In this charming picture Harlamoff represents a delightful little girl, described as ‘The “lovely rose girl” type’, by O. Sugrobova-Roth and E. Lingenauber in their catalogue raisonné of the artist’s paintings. Harlamoff depicted this adorable model several times in works such as Girl with a red necklace and Girl with a pink bonnet, which led the celebrated Russian novelist and playwright, Ivan Turgenev (who was a close friend of the artist), to mention the ‘lovely rose girl’ in a letter dated 1875 (O. Sugrobova-Roth and E. Lingenauber, Alexei Harlamoff, 1840-1925, catalogue raisonné, 2007, p.106). 

 

In the present work the girl looks directly out at the viewer. Some of her thick, auburn hair is tied back, while the rest hangs in waves around her shoulders, a short fringe framing her face.  Harlmoff’s skilfully smooth rendering of the child’s features and complexion is enlivened by the broader, more impressionistic style with which he depicts her hair, clothes and the light background adding vitality to the image while simultaneously creating a foil for the sitter’s luminous head and shoulders.

 

Alexei Alexeievich Harlamoff was born at Saratov, Russia in 1840.  He studied at the Academy of Fine Arts in St.

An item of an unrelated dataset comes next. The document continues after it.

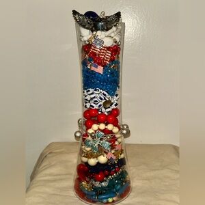 God Bless America! Mystery vase full of vintage Jewlery! Treasure Hunt and Decor

Petersburg and won a gold medal and a travel scholarship in 1868 for his painting The Return of the Prodigal Son.  This enabled him to go to Paris, where he remained, working with the great portrait painter and teacher at the École des Beaux-Arts, Léon Bonnat (1834-1922).  His work was exhibited in the Russian section of the Décennale exhibition of art produced between 1889 and 1900, which was part of the World's Fair held in Paris in 1900.

 

In his early career, he painted many genre and religious subjects, learning his skills by copying Old Master paintings such as Rembrandt's Anatomy Lesson in the Mauritshuis in The Hague.  He also became a respected portrait painter, with such important sitters as Tsar Alexander II and Prince Demidoff.  Perhaps his most beloved subjects were informal portraits of peasant girls.  These sitters were painted for their beauty and innocence rather than their fame.  Harlamoff eloquently evoked the symbolism of the flower representing the short-lived innocence of youth so popular with artists of the end of the nineteenth century, while capturing a uniquely Russian ambience in the details of dress and facial features.

 

Harlamoff was also interested in the range of emotions within facial expressions; his A girl in a white veil with her charming, contemplative gaze is an excellent example.  It was probably the sweet, smiling expressions of his Children playing with Flowers that drew the admiration of Queen Victoria when she saw it in the Glasgow International Exhibition in 1888.

 

The work of Alexei Harlamoff is represented in the Alexander III Museum in St Petersburg, the Tretiakov Gallery in Moscow and in the Brobinksi Collection.